Barbagallo Carlo M, Noto Davide, Cefalù Angelo B, Ganci Antonia, Giammarresi Carlo, Panno Donata, Cusumano Gaspare, Greco Massimiliano, Di Gaudio Francesca, Averna Maurizio R
Biomedical Department of Internal Medicine and Specialistics (DIBIMIS), University of Palermo, Palermo, Italy.
Division of Nephrology, Civic Hospital, Palermo, Italy.
Hemodial Int. 2015 Jul;19(3):360-7. doi: 10.1111/hdi.12250. Epub 2014 Dec 12.

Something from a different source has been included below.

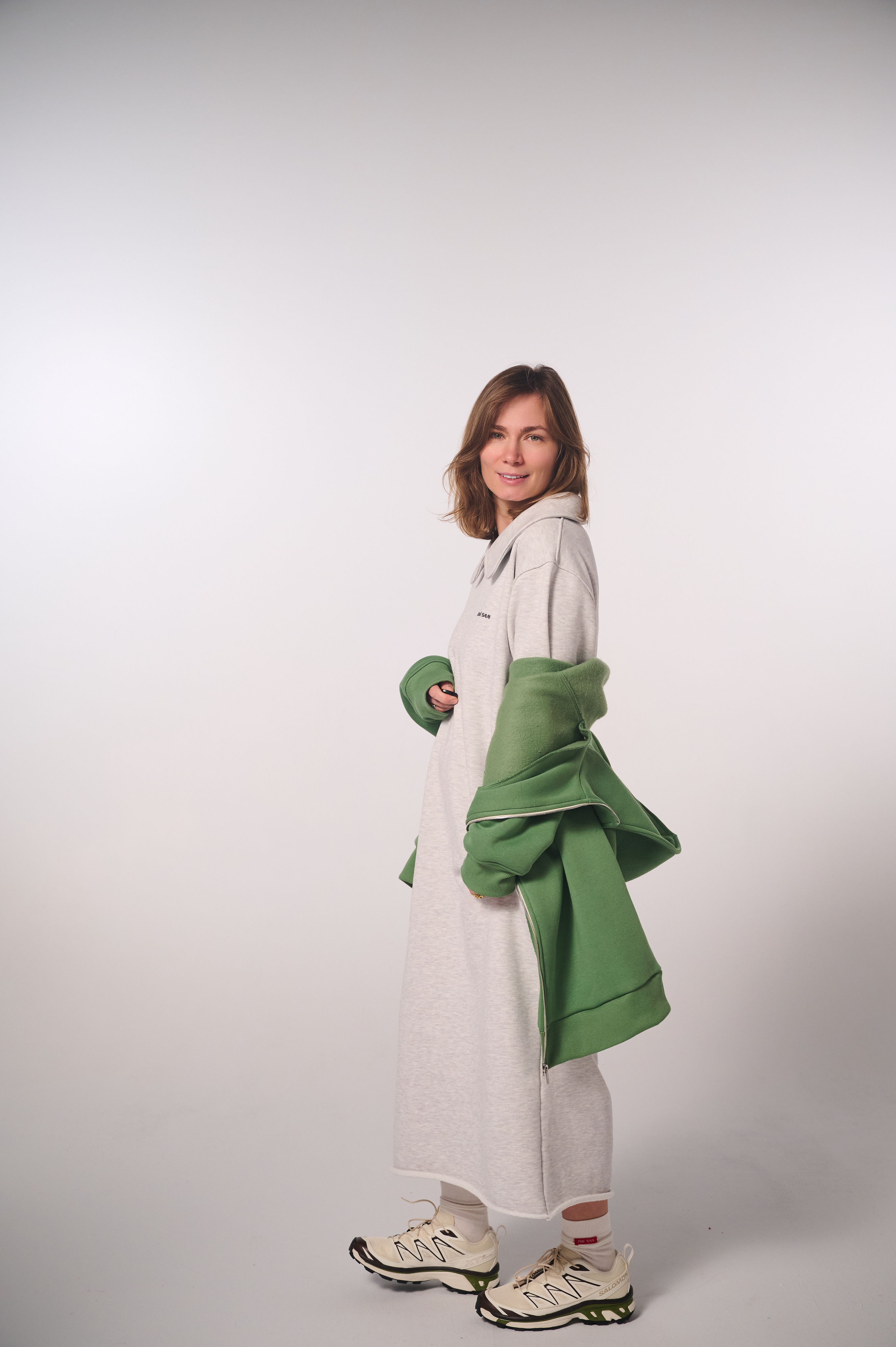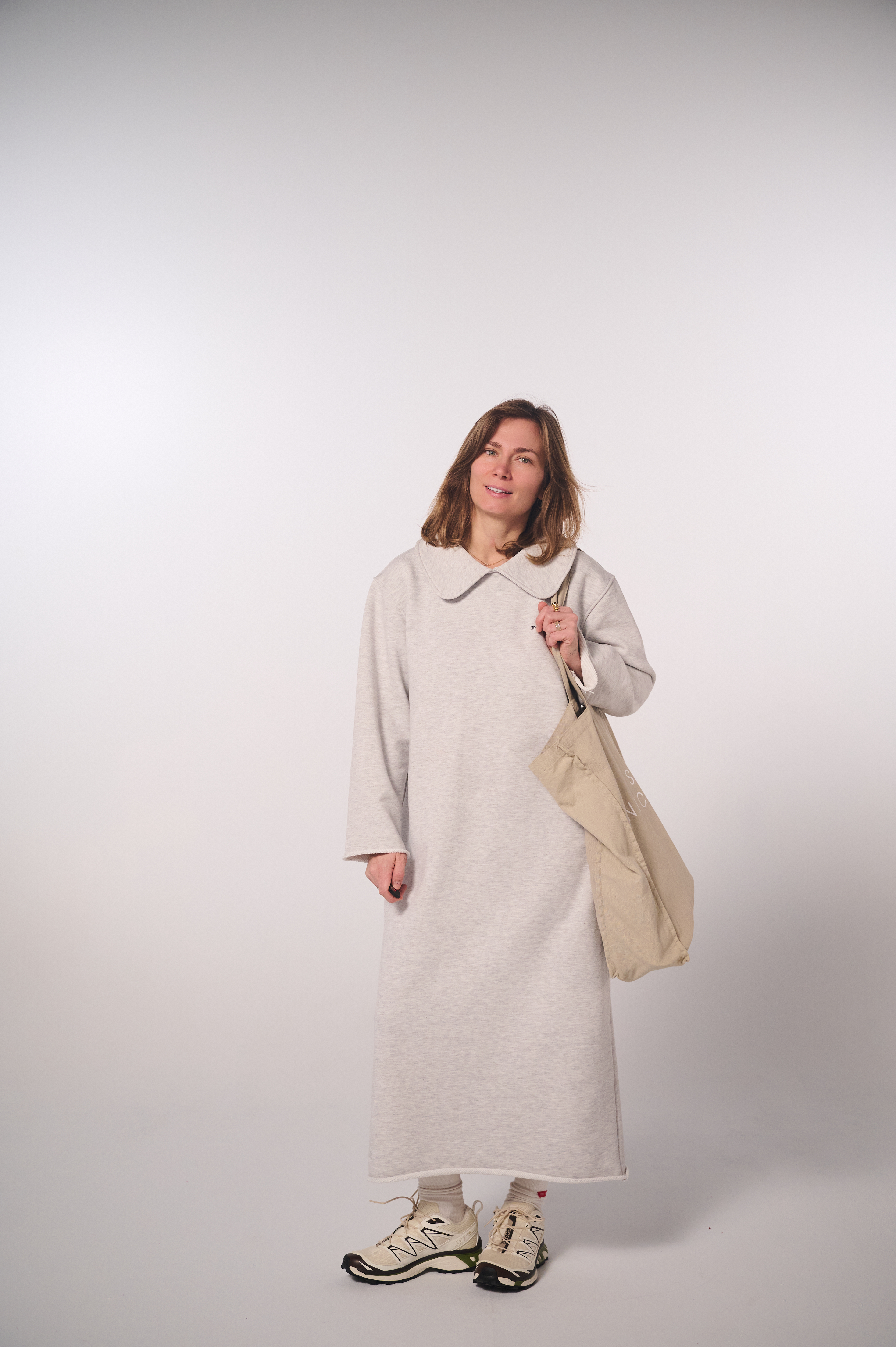 Платье прямого кроя из футера с круглым воротником. Без начеса.

Dyslipidemias may account for the excess of cardiovascular mortality in end-stage renal disease (ESRD). Lipoprotein studies in ESRD patients are usually relative to prehemodialysis samples even if significative changes may occur after dialysis. In this study, we aimed to investigate the effects of ESRD on triglyceride-rich lipoproteins (TRL) subpopulations distribution and acute change following hemodialytic procedures, including the relative contribution of heparin administration. We selected a group of normolipidemic male middle-aged ESRD patients free of any concomitant disease affecting lipoprotein remnant metabolism compared with controls. We separated TRL subfractions according to density and apoE content and evaluated the changes of these particles after hemodialytic procedures with or without heparin. ESRD subjects had higher TRL subfractions, with the exception of apoE-rich particles, lower high-density lipoprotein (HDL) largest subclasses, and a smaller low-density lipoprotein peak particle size than controls. After a hemodialytic standard procedure with heparin, we demonstrated a significant reduction of triglyceride, an increase of HDL-cholesterol levels, and a raise of small very-low-density lipoprotein, intermediate-density lipoproteins (IDL), apoE-rich particles, and non-HDL-cholesterol levels. When hemodialysis was performed without heparin, no significant changes were observed. In the absence of concomitant hyperlipidemic triggers, ESRD patients show significant lipoprotein abnormalities before dialysis, but without any increased remnant particles concentrations. We speculate that hemodialysis, in particular heparin administration during this procedure, leads to a massive atherogenic TRLs production because of the acute stimulation of the dysfunctional lipolytic system not followed by an efficient removal, determining a recurrent lipoprotein remnant accumulation.
血脂异常可能是终末期肾病(ESRD)中心血管死亡率过高的原因。ESRD患者的脂蛋白研究通常相对于血液透析前的样本,即使透析后可能会发生显著变化。在本研究中,我们旨在调查ESRD对富含甘油三酯的脂蛋白(TRL)亚群分布的影响以及血液透析程序后的急性变化,包括肝素给药的相对作用。我们选择了一组血脂正常的男性中年ESRD患者,与对照组相比,他们没有任何影响脂蛋白残粒代谢的伴随疾病。我们根据密度和载脂蛋白E含量分离TRL亚组分,并评估在有或没有肝素的血液透析程序后这些颗粒的变化。ESRD患者的TRL亚组分较高,但富含载脂蛋白E的颗粒除外,高密度脂蛋白(HDL)最大亚类较低,低密度脂蛋白峰值颗粒大小比对照组小。在使用肝素进行血液透析标准程序后,我们证明甘油三酯显著降低,HDL胆固醇水平升高,小极低密度脂蛋白、中间密度脂蛋白(IDL)、富含载脂蛋白E的颗粒和非HDL胆固醇水平升高。在不使用肝素进行血液透析时,未观察到显著变化。在没有伴随的高脂血症触发因素的情况下,ESRD患者在透析前表现出显著的脂蛋白异常,但没有任何残余颗粒浓度增加。我们推测,血液透析,特别是在此过程中给予肝素,由于功能失调的脂解系统受到急性刺激但没有有效清除,导致大量致动脉粥样硬化的TRL产生,从而导致脂蛋白残粒反复积累。